*PROMPT*
Reproduce, exactly and only, the lines of the data that follows from the one containing "20 sci03 VIII" down to the one containing "De tuin is bestraat", without pictures.

*TASK MATERIAL*

>>>>>

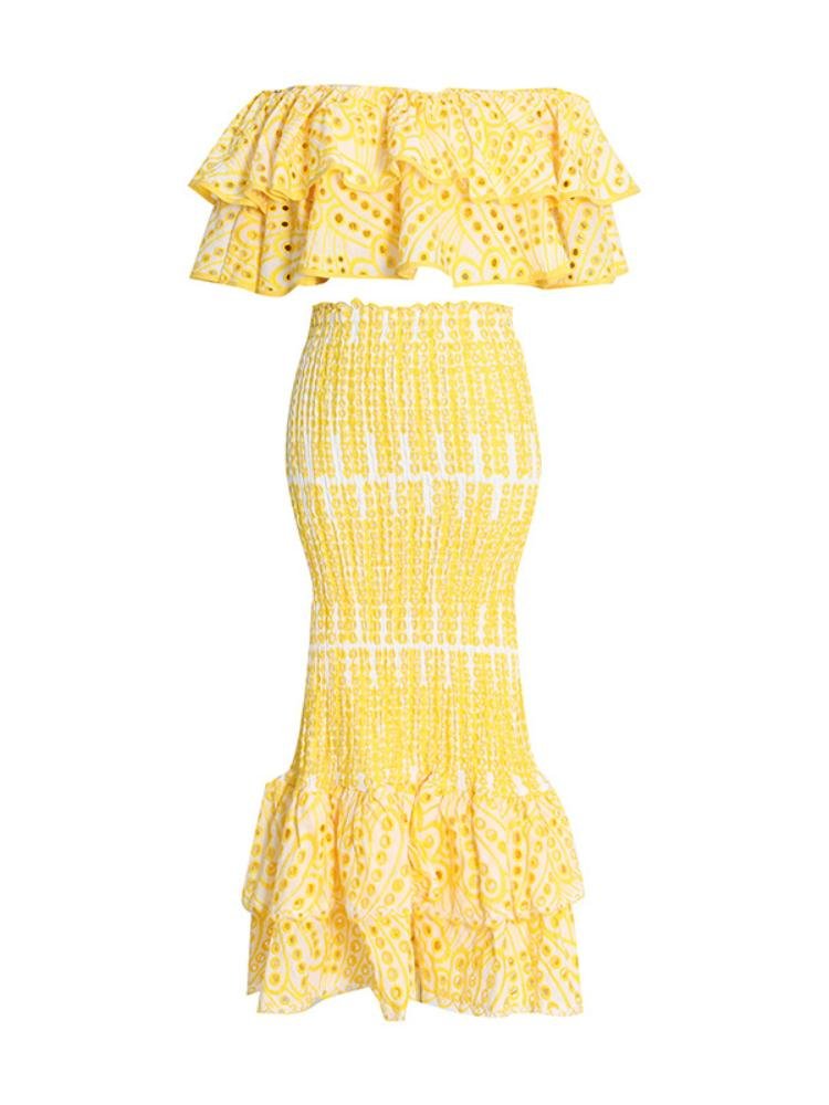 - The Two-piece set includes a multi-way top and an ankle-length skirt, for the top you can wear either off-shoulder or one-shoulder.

<<<<<
>>>>>

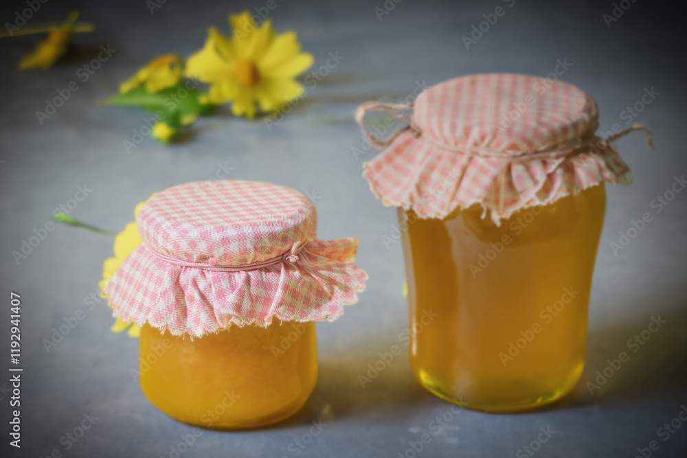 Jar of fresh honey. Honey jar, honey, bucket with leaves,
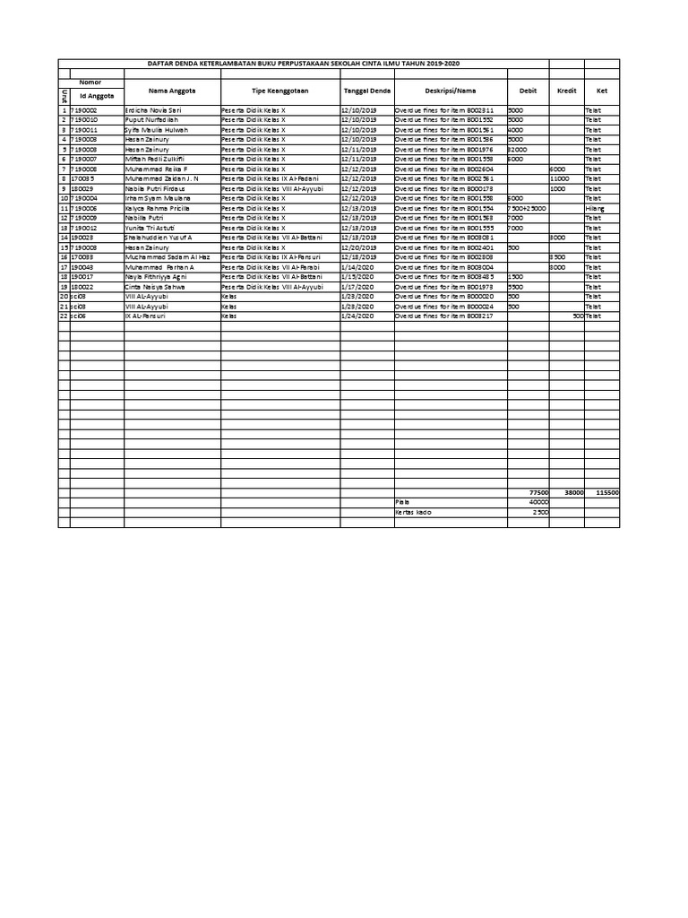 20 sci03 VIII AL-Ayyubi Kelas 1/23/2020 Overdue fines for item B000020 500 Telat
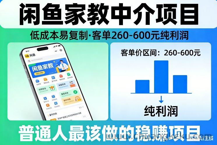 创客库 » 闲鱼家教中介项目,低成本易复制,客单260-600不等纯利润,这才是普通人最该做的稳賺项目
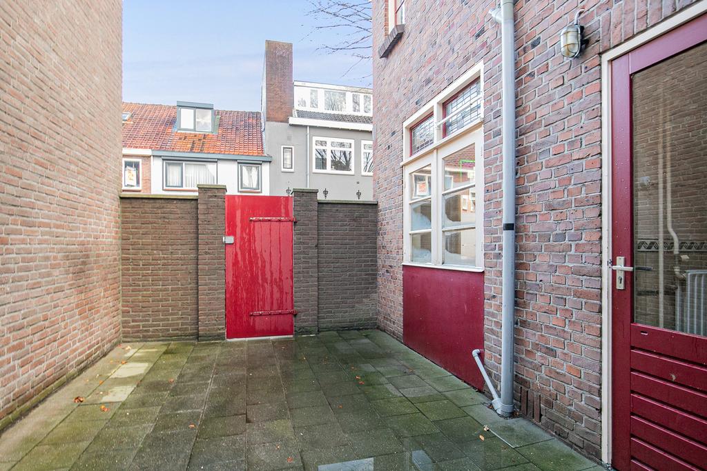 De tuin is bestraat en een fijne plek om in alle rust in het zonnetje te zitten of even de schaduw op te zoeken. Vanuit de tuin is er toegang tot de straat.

<<<<<

*ANSWER AREA*
 20 sci03 VIII AL-Ayyubi Kelas 1/23/2020 Overdue fines for item B000020 500 Telat
 创客库 » 闲鱼家教中介项目,低成本易复制,客单260-600不等纯利润,这才是普通人最该做的稳賺项目
 De tuin is bestraat en een fijne plek om in alle rust in het zonnetje te zitten of even de schaduw op te zoeken. Vanuit de tuin is er toegang tot de straat.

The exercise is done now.